▸ Required action
In the entries below, find the line with "This ESV journaling" and the line with "Що ж стосується", then retype both and everything between them exactly. Do not copy the pictures.

+-------+

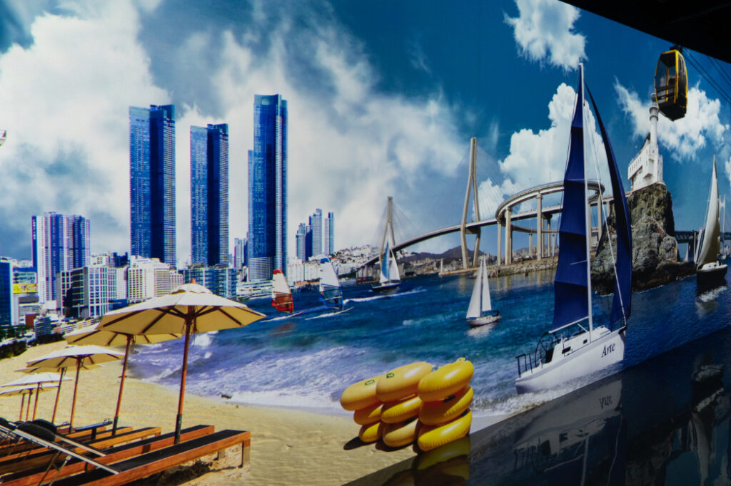 観光スポットや、港の風景が次々と映し出され、まるで釜山そのものに包まれているような感覚に。
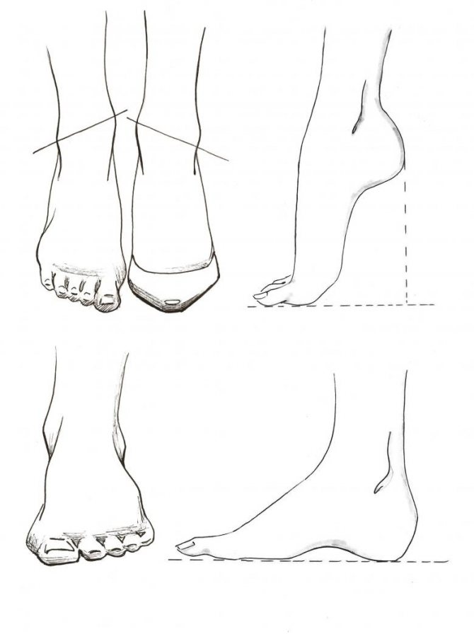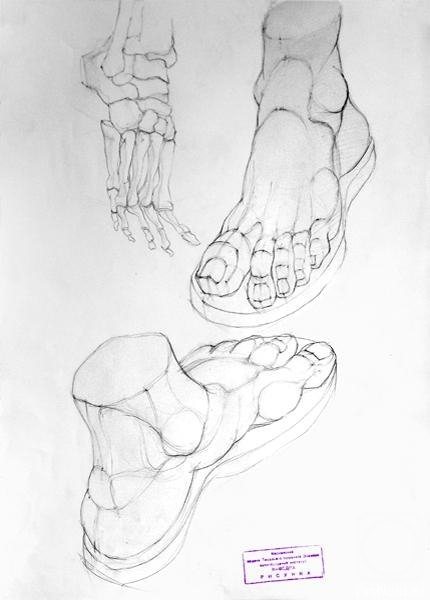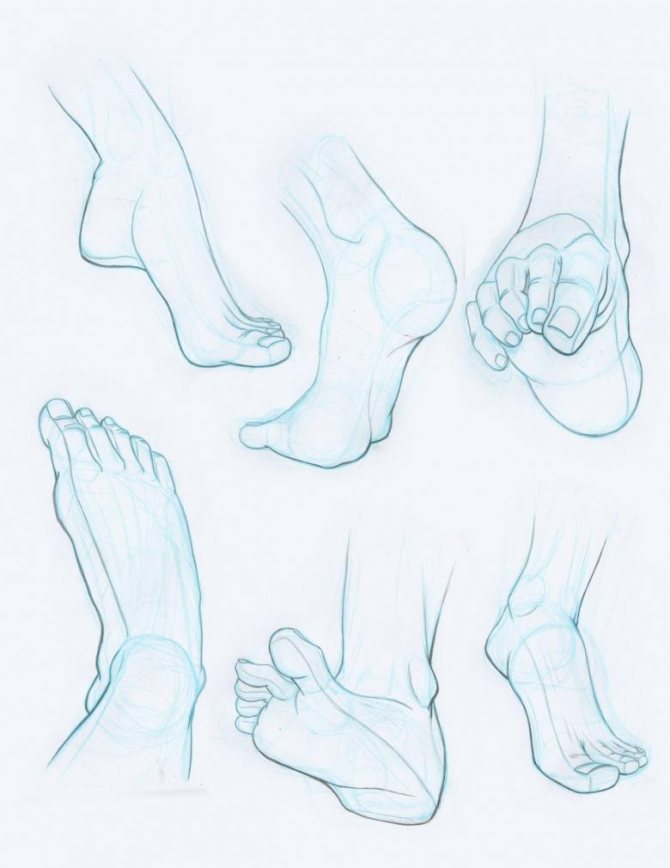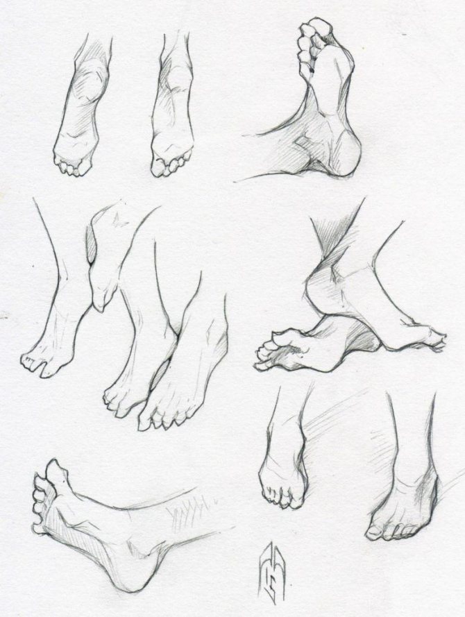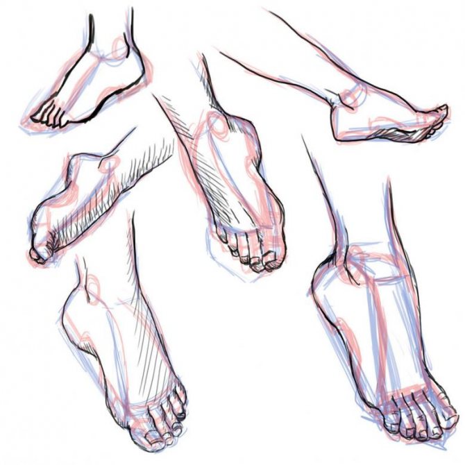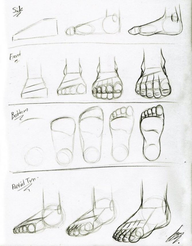 Les débutants dessinent souvent des pieds plats comme des crêpes ou des parallélépipèdes rectangulaires "collés" aux tibias. En réalité, le pied a une forme beaucoup plus complexe, avec de nombreuses protubérances et dépressions. Rappelez-vous qu'il y a des os à l'intérieur du pied, pas de la gelée ou un morceau de contreplaqué.
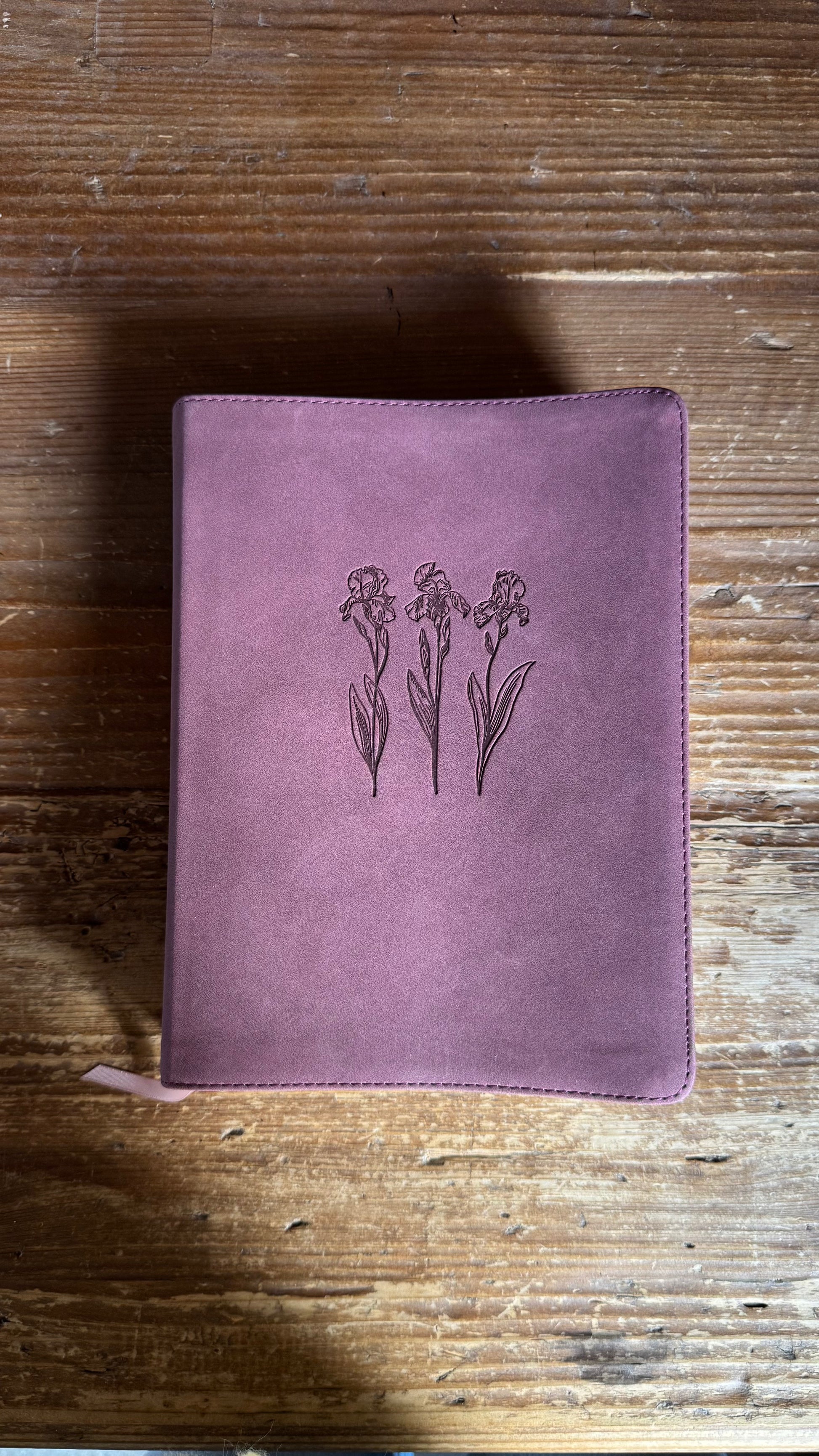 This ESV journaling Bible is a rich mauve, soft-touch, treasure with engraved irises gracing the front cover. The words “Behold, I am making all things new” from Revelation 21:5 are scripted on the back as an encouraging reminder of God’s sovereign and redemptive heart. Our prayer for you would be that this Bible invites you into new depths of the Lord’s love for you and his desire to make you a new creation.
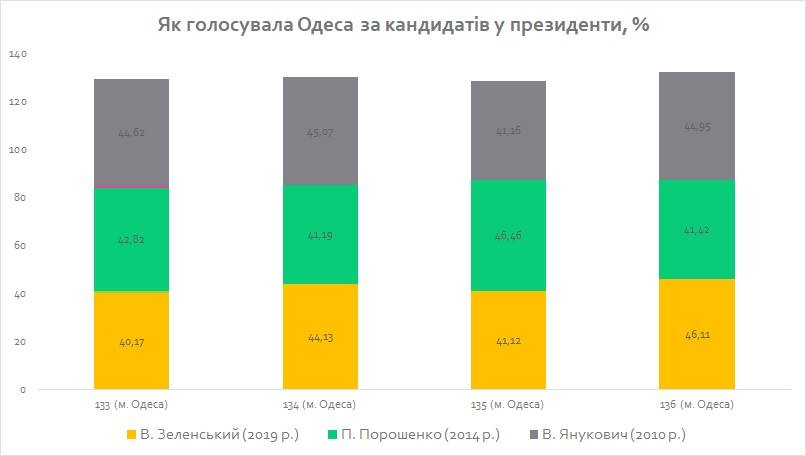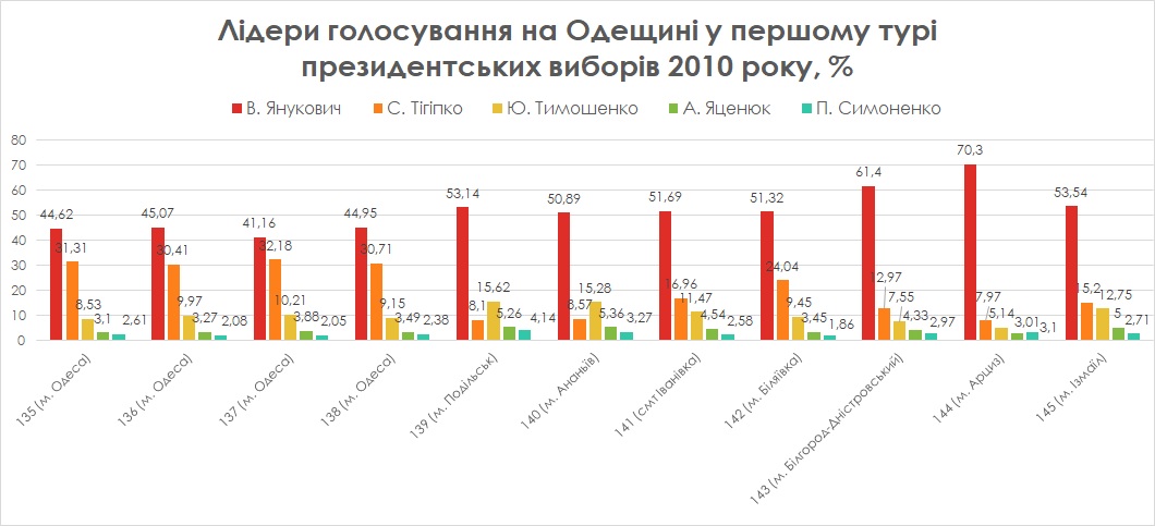 Що ж стосується першого туру виборів-2010, то тоді першість отримав Віктор Янукович: найбільше голосів йому віддали виборці округу №144 (центр - м. Арциз) – 70,3%. А м. Одеса проголосувало за нього приблизно на тому ж рівні, що через чотири роки – за П. Порошенка, а ще через п’ять – за В. Зеленського: від 41 до 45%.
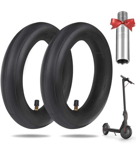 [Thicker Inner Tubes] The Xiaomi M365 inner tube has a thickness of 1.8 mm, is double compared to the inner tube of Xiaomi electric scooter. It is made of high quality butyl rubber, wear-resistant, high temperature resistant, durable. This allows you to significantly improve the resistance of your scooter tubes against punctures. [Heavy Duty Valve]We have thickened the connection between the valve and the electric scooter inner tube, and the M356 inner tube is no longer fragile. The copper nozzle is made of alloy, so you don't have to worry about valve breakage. [Perfect for Xiaomi M365] The replaceable xiaomi m365 inner tubes have a size of 8.5 inches and completely replace the tire of Xiaomi M365/1S/Scooter 3/Essential/Pro/Pro2, more durable than the . Our inner tube tyres can perfectly replace worn or broken scooter tyres. [Easy to Use]In order to facilitate the inflation of the inner tube for scooters, we have prepared a valve extension for you. The high quality valve extension makes it very convenient to inflate the 8 1/2x2 inner tubes. The scooter inner tube can be inflated at any inflating station. [Good cushioning effect] The Xiaomi M365 inner tube is durable and resistant, compared to solid tyres. The reinforced inner tubes offer you excellent vibration dampening result, and easier installation. Better driving comfort on various roads. ...

+-------+

▸ Answer
 This ESV journaling Bible is a rich mauve, soft-touch, treasure with engraved irises gracing the front cover. The words “Behold, I am making all things new” from Revelation 21:5 are scripted on the back as an encouraging reminder of God’s sovereign and redemptive heart. Our prayer for you would be that this Bible invites you into new depths of the Lord’s love for you and his desire to make you a new creation.
 Що ж стосується першого туру виборів-2010, то тоді першість отримав Віктор Янукович: найбільше голосів йому віддали виборці округу №144 (центр - м. Арциз) – 70,3%. А м. Одеса проголосувало за нього приблизно на тому ж рівні, що через чотири роки – за П. Порошенка, а ще через п’ять – за В. Зеленського: від 41 до 45%.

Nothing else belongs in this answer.